Finalmente Orfeu chegou ao trono de Hades. O rei dos mortos ficou irritado ao ver que um vivo tinha entrado no seu domínio, mas a agonia na música de Orfeu comoveu-o, e ele chorou lágrimas de ferro. A sua esposa, a deusa Perséfone, implorou-lhe que atendesse o pedido de Orfeu. Assim, Hades atendeu o seu desejo e Eurídice poderia voltar com Orfeu ao mundo dos vivos. Mas com uma única condição: que ele não a olhasse até que ela, outra vez, estivesse à luz do sol.

Orfeu partiu pela trilha íngreme que levava para fora do escuro reino da morte, tocando músicas de alegria e celebração enquanto caminhava, para guiar a sombra de Eurídice de volta à vida. Ele não olhou nenhuma vez para trás, até atingir a luz do sol. Mas então virou-se, para se certificar que Eurídice o seguia. Por um momento ele viu-a, perto da saída do túnel escuro, perto da vida outra vez. Mas enquanto ele olhava, ela  tornou-se novamente um fino fantasma (noutras versões em estátua de sal), o seu grito final de amor e pena não mais do que um suspiro na brisa que saía do Mundo dos Mortos. Ele a havia perdido para sempre. Em desespero total, Orfeu tornou-se amargo. Recusava-se a olhar para qualquer outra mulher, não querendo lembrar-se da perda de sua amada. Fonte: Encyclopædia Britannica e o Mito de Orfeu, na minha biblioteca.
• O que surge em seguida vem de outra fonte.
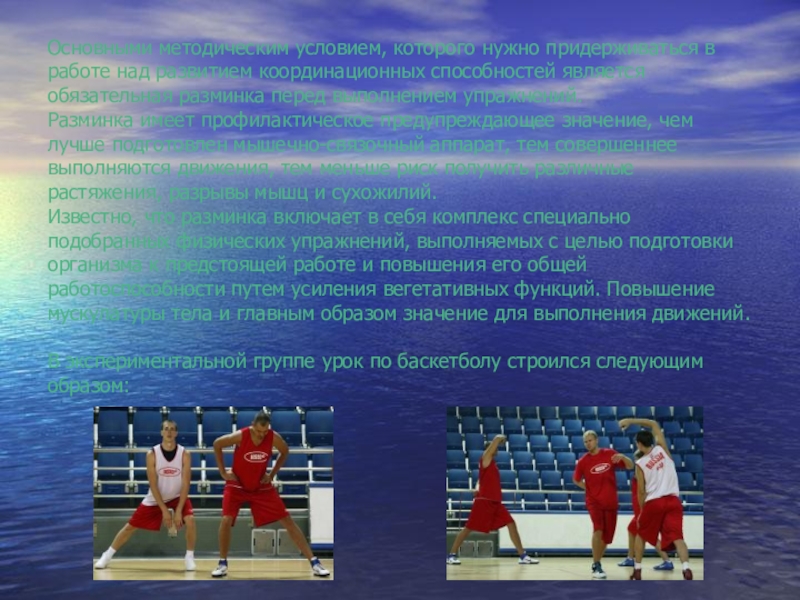 Слайд 18Основными методическим условием, которого нужно придерживаться в работе над развитием координационных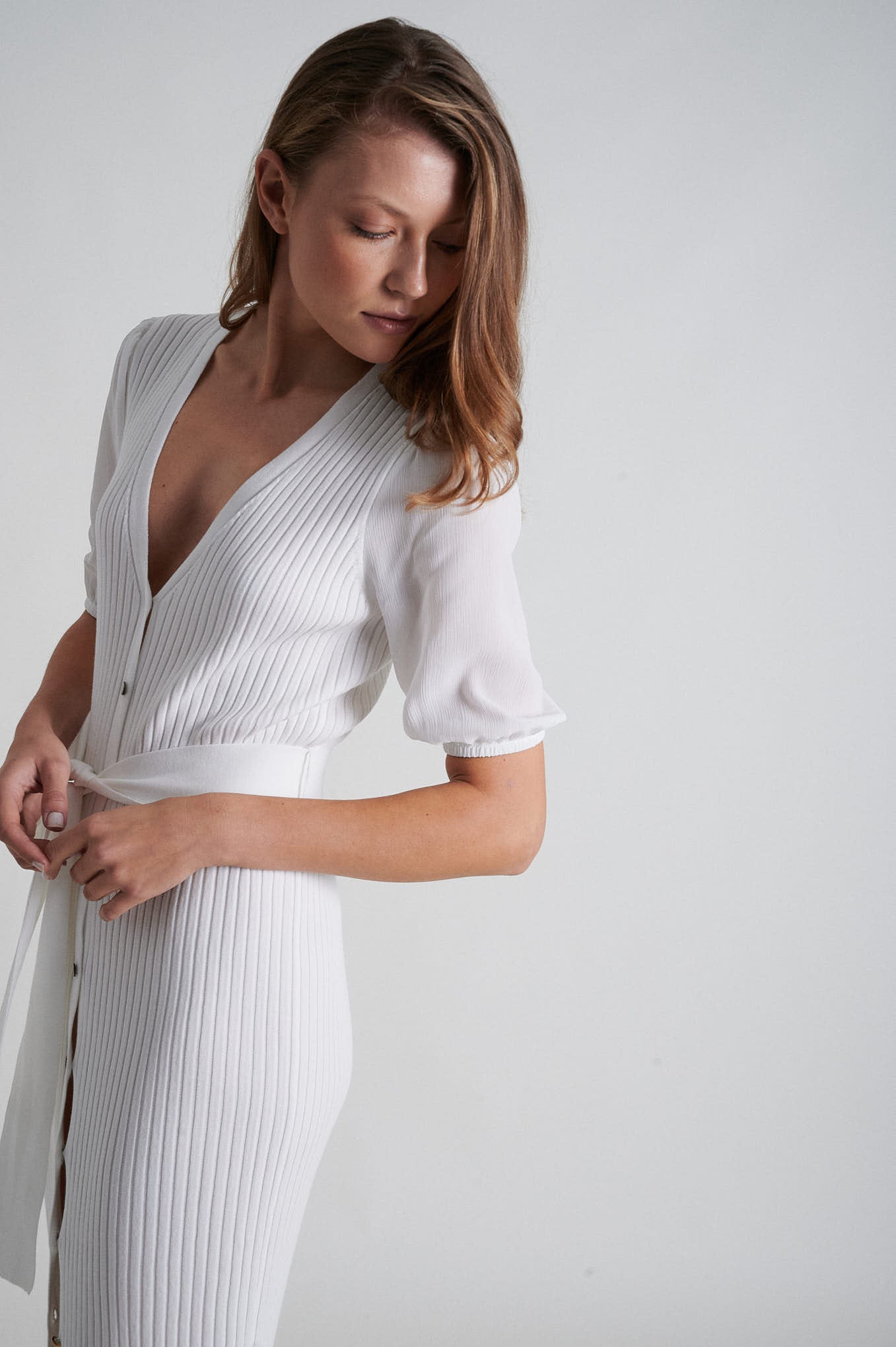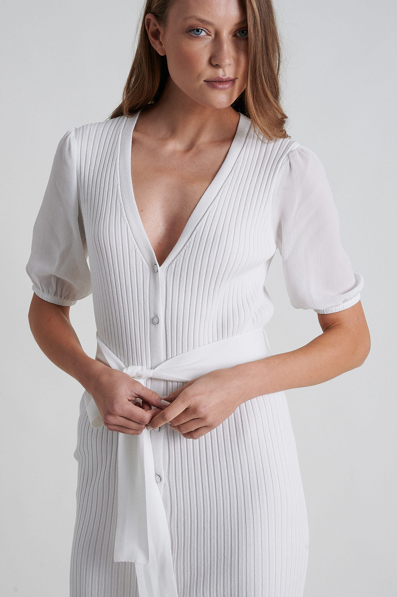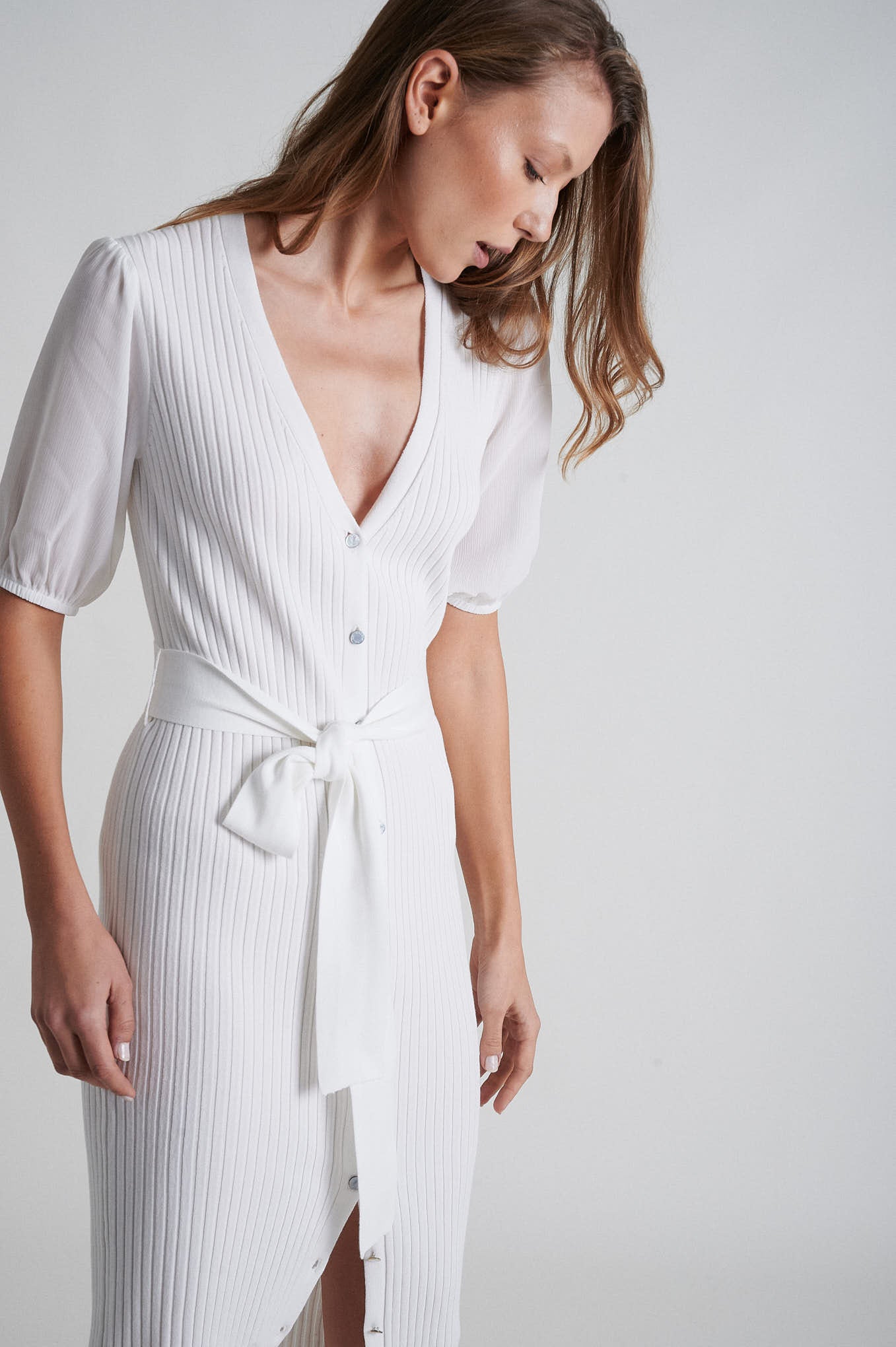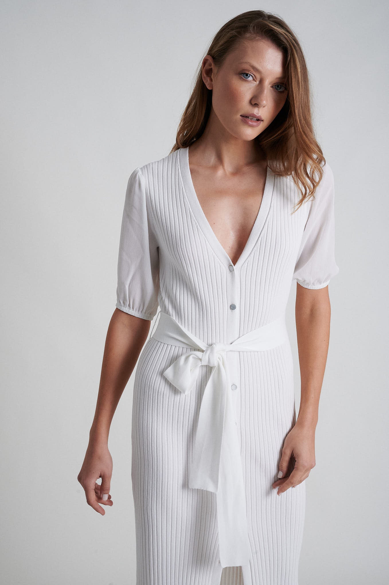 Short sleeve knitted open dress

Parece-me que o mito define o amor, a entrega incondicional à outra pessoa, até esse arriscar a vida por uma pessoa, que nem falta fazia existir. Uma sereia encanta, mas engana, como Euridice faz com Orfeu. Ou Beatriz, no livro de Dante Alighieri (Florença, 1º de Junho de 1265Ravenna, 13 ou 14 de Setembro de 1321) foi um escritor, poeta e político italiano. É considerado o primeiro e maior poeta da língua italiana, definido como il sommo poeta (“o sumo poeta”).

  1. A Divina Comédia descreve uma viagem de Dante através do Inferno, Purgatório e Paraíso, primeiramente guiado pelo poeta romano Virgílio (símbolo da razão humana), autor do poema épico Eneida, através do Inferno e do Purgatório e, depois, no Paraíso, pela mão da sua amada Beatriz – símbolo da graça divina – (com quem, presumem muitos autores, nunca tenha falado e, apenas visto, talvez, de uma a três vezes). No entanto, se o leitor reparar, Beatriz é o respeito, a graça divina, o amor recíproco, sem procura da relação sexual, mas sim, de ternura e acolhimento por parte de Beatriz, quem nada exige do seu amado: a vida transcorre docemente, de forma humana e material. Fonte: Durante, olim vocatus Dante. Pullella, Philip (12 de Janeiro de 2007). Dante gets posthumous nose job – 700 years on. statesman. Reuters. Página visitada em 5 de Novembro de 2007.

Fica o leitor com a palavra. Não resisto, no entanto, acrescentar esta frase: a paixão avassaladora, insisto, pode matar o amor. O amor calmo e sereno, arrebita a paixão, como defendo no texto prévio que critico com este outro.